EXERCISE AIM: Give the listing again in full and exactly, apart from its pictures.

DATA IN THIS EXERCISE:
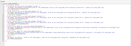 I have multiple links, namely China Mobile, China Unicom and China Telecom. Currently, I use the traditional outbound virtual server to go out through irules. According to the internal client request target address, the corresponding link is selected for the specific ISP to share. I have a requirement. Can it be realized according to a certain pool or member (specifically referring to the sharing limit threshold of a certain ISP link bandwidth utilization rate, such as China Telecom 100Mbps. When the threshold is exceeded, the new session traffic will no longer share the telecom member or according to the percentage utilization rate)? The current version is 17. I have tried to use Acceleration ›› Bandwidth Controllers : Policies and then call the location Network ›› Packet Filters : Rules ›› New Packet Filter Rule. But this is global and has a certain impact on other parts. It requires limited policy adjustment. Is there a better way, including whether the irules method can use the BWC::measure measurement method to achieve it? If you can write it, please leave a message! Thank you! Any message is very grateful! ! !115Views0likes3Comments
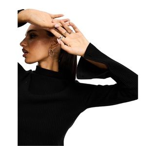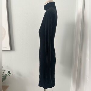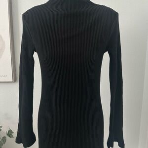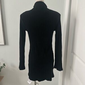 Chic black mini dress. Ribbed texture. Long sleeves. High neckline. Perfect for any occasion.
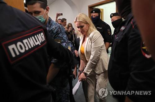 epa10115603 Former Russian state Channel One TV journalist Marina Ovsyannikova is escorted to attend a hearing at the Basmanny district court in Moscow, Russia, 11 August 2022. Ovsyannikova was arrested on 10 August 2022. She is charged with public spreading of deliberately false information about the use of the Russian Armed Forces. Her lawyer wrote on social media that the reason of the criminal case launching was a picket staged by Ovsyannikova on 15 July on Sofiyskaya embankment in Moscow. Former Russian state Channel One TV channel journalist Marina Ovsyannikova pulled international attention after on-air protest 14 March 2022 against the 'special military operation' declared by Russian president, when she had entered Ostankino on-air TV studio with a poster reading 'No War. Stop the war. Don't believe the propaganda. You are being lied to here'. EPA/MAXIM SHIPENKOV
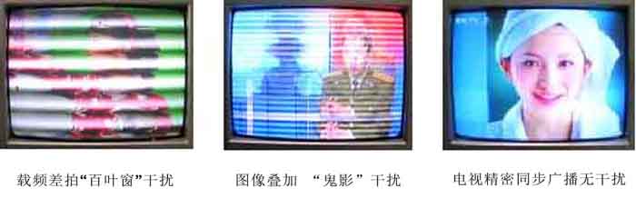 电视同频干扰的研究实践证明:电视同频干扰对接收图像的损伤来自两个方面:①同频台之间图像载波频差形成的拍频干扰,即接收图像上的“百叶窗”滚动条纹干扰;②同频台之间的图像内容相互叠加,因图像信号行/场频率与相位的不同步,形成运动的“鬼影”。
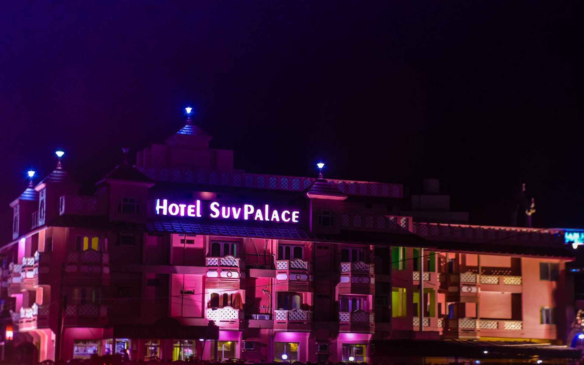 HOTEL SUV Palace located at the majestic shoreline facing the golden beach with a magnificent uninterrupted sea view. It is situated near the New Marine Drive Road of Puri town. The meticulously planned infrastructure and the stately ambience make it the perfect destination for tourists and corporate houses. With Delectable cuisine and excellent accommodation, HOTEL SUV Palace has become the preferred zone where the atmosphere is peaceful and unpolluted. HOTEL SUV is situated 65 km. from Bhubaneswar, 3 km. from railway station and bus terminal, shopping center within 300 meters, 3 km. from Jagannath Temple, 39 km. from Puri Sun Temple which is a UNESCO World heritage site and Asia's largest brackish water lagoon the dolphin point is near about 50 km., Tourist should take an opportune of tasting more than 100 delicious Mahaprasad of Lord Jagannath cooked ancient style, walk a few step in to the sea, watch little waves breaking at your feet. The beach has a gentle slope, making it very safe for swimming.
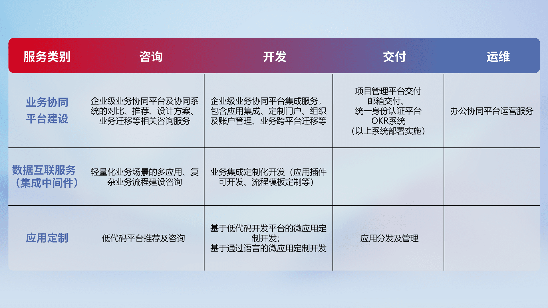 针对钉钉、、企微、、、IDaas等平台级产品提供产品的规划、、、、方案、、、、交付、、定制化开发等服务,,,实现如统一协同办公、、、智能客户服务、、混合会议管理、、、智能数据查询、、等业务场景,,,实现数字化转型。。。。

REPLY:
 I have multiple links, namely China Mobile, China Unicom and China Telecom. Currently, I use the traditional outbound virtual server to go out through irules. According to the internal client request target address, the corresponding link is selected for the specific ISP to share. I have a requirement. Can it be realized according to a certain pool or member (specifically referring to the sharing limit threshold of a certain ISP link bandwidth utilization rate, such as China Telecom 100Mbps. When the threshold is exceeded, the new session traffic will no longer share the telecom member or according to the percentage utilization rate)? The current version is 17. I have tried to use Acceleration ›› Bandwidth Controllers : Policies and then call the location Network ›› Packet Filters : Rules ›› New Packet Filter Rule. But this is global and has a certain impact on other parts. It requires limited policy adjustment. Is there a better way, including whether the irules method can use the BWC::measure measurement method to achieve it? If you can write it, please leave a message! Thank you! Any message is very grateful! ! !115Views0likes3Comments
 Chic black mini dress. Ribbed texture. Long sleeves. High neckline. Perfect for any occasion.
 epa10115603 Former Russian state Channel One TV journalist Marina Ovsyannikova is escorted to attend a hearing at the Basmanny district court in Moscow, Russia, 11 August 2022. Ovsyannikova was arrested on 10 August 2022. She is charged with public spreading of deliberately false information about the use of the Russian Armed Forces. Her lawyer wrote on social media that the reason of the criminal case launching was a picket staged by Ovsyannikova on 15 July on Sofiyskaya embankment in Moscow. Former Russian state Channel One TV channel journalist Marina Ovsyannikova pulled international attention after on-air protest 14 March 2022 against the 'special military operation' declared by Russian president, when she had entered Ostankino on-air TV studio with a poster reading 'No War. Stop the war. Don't believe the propaganda. You are being lied to here'. EPA/MAXIM SHIPENKOV
 电视同频干扰的研究实践证明:电视同频干扰对接收图像的损伤来自两个方面:①同频台之间图像载波频差形成的拍频干扰,即接收图像上的“百叶窗”滚动条纹干扰;②同频台之间的图像内容相互叠加,因图像信号行/场频率与相位的不同步,形成运动的“鬼影”。
 HOTEL SUV Palace located at the majestic shoreline facing the golden beach with a magnificent uninterrupted sea view. It is situated near the New Marine Drive Road of Puri town. The meticulously planned infrastructure and the stately ambience make it the perfect destination for tourists and corporate houses. With Delectable cuisine and excellent accommodation, HOTEL SUV Palace has become the preferred zone where the atmosphere is peaceful and unpolluted. HOTEL SUV is situated 65 km. from Bhubaneswar, 3 km. from railway station and bus terminal, shopping center within 300 meters, 3 km. from Jagannath Temple, 39 km. from Puri Sun Temple which is a UNESCO World heritage site and Asia's largest brackish water lagoon the dolphin point is near about 50 km., Tourist should take an opportune of tasting more than 100 delicious Mahaprasad of Lord Jagannath cooked ancient style, walk a few step in to the sea, watch little waves breaking at your feet. The beach has a gentle slope, making it very safe for swimming.
 针对钉钉、、企微、、、IDaas等平台级产品提供产品的规划、、、、方案、、、、交付、、定制化开发等服务,,,实现如统一协同办公、、、智能客户服务、、混合会议管理、、、智能数据查询、、等业务场景,,,实现数字化转型。。。。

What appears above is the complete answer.